Total cost of reinforcement works = 147,205 + 65,886 = ₦ 213,620

**Clay hollow pot/Sandcrete Blocks/Polystyrene**

Number of block units required = 240 units

Unit price of hollow blocks = NGN 400 per unit

Cost of hollow blocks = 240 × 400 = ₦ 96,000

**Formwork Required **

Soffit of slab = 36 m^{2} (treated as a constant)
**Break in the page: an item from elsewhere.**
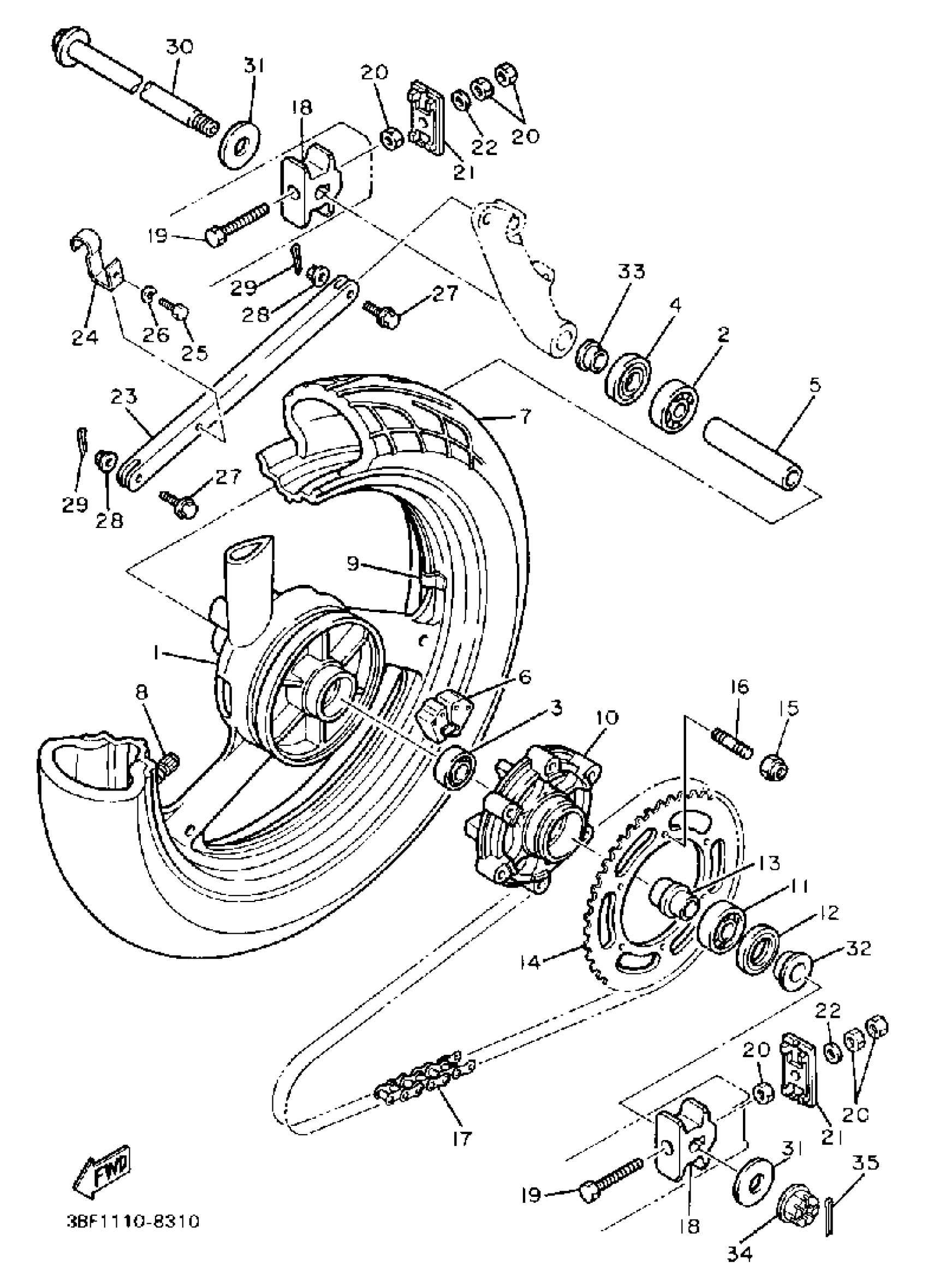 Yamaha FZR400W (FZR400) 1989 REAR WHEEL Diagram

Cost of constructing ribbed slab = ₦ 213,620 + ₦ 213,091 + ₦ 96,000 = ₦ 522,711

The Table for comparison is shown below;

Material | Solid Slab | Ribbed Slab | Percentage Reduction |

Concrete | ₦ 458,618 | ₦ 213,620 | 53.42% |

Reinforcement | ₦ 229,810 | ₦ 213,620 | 7.04% |

Hollow Pots/Blocks | – | ₦ 96,000 | – |

Total | ₦ 688,428 | ₦ 522,711 | 24.07% |

**Conclusion**

From the analysis of the two-way slab carried out, it can be seen that the volume of concrete required for a ribbed slab is 53.42% less than that required for a solid slab. Furthermore, the reinforcement required in the ribbed slab is 7.04% less than that required for a solid slab. If the same type of formwork is adopted (completely flat soffit supported with props), and if the cost of labour is directly related to the quantity of materials, then the adoption of the ribbed slab is expected to save cost by about 24.07% compared to solid slab.

**References**

[1] Ajema D. and Abeyo A. (2018): Cost Comparison between Frames with Solid Slab and Ribbed Slab using HCB under Seismic Loading. *International Research Journal of Engineering and Technology* 05(01):109-116

[2] Dosumu O. S. and Adenuga O. A.(2013): Assessment of Cost Variation in Solid and Hollow Floor Construction in Lagos State. *Journal of Design and Built Environment* 13(1):1-11

[3] Mashri M., Al-Ghosni K., Abdulrahman A., Ismaeil M., Abdussalam A. and Elbasir O. M. M. (2020):Design and cost comparison of the Solid Slabs and Hollow Block Slabs.* GSJ* 8(1):110-118 www.globalscientificjournal.com

[4] Reema R. Nassar 1, Imad A. Al-Qasem 2 (2020): Comparative Cost Study for A residential Building Using Different Types of Floor System. *International Journal of Engineering Research and Technology* 13(8): 1983-1991

due to the weight reduction, the net saving by using ribbed slab will be more than 24.07% due to the reduction in sizes of column, beam and foundation members.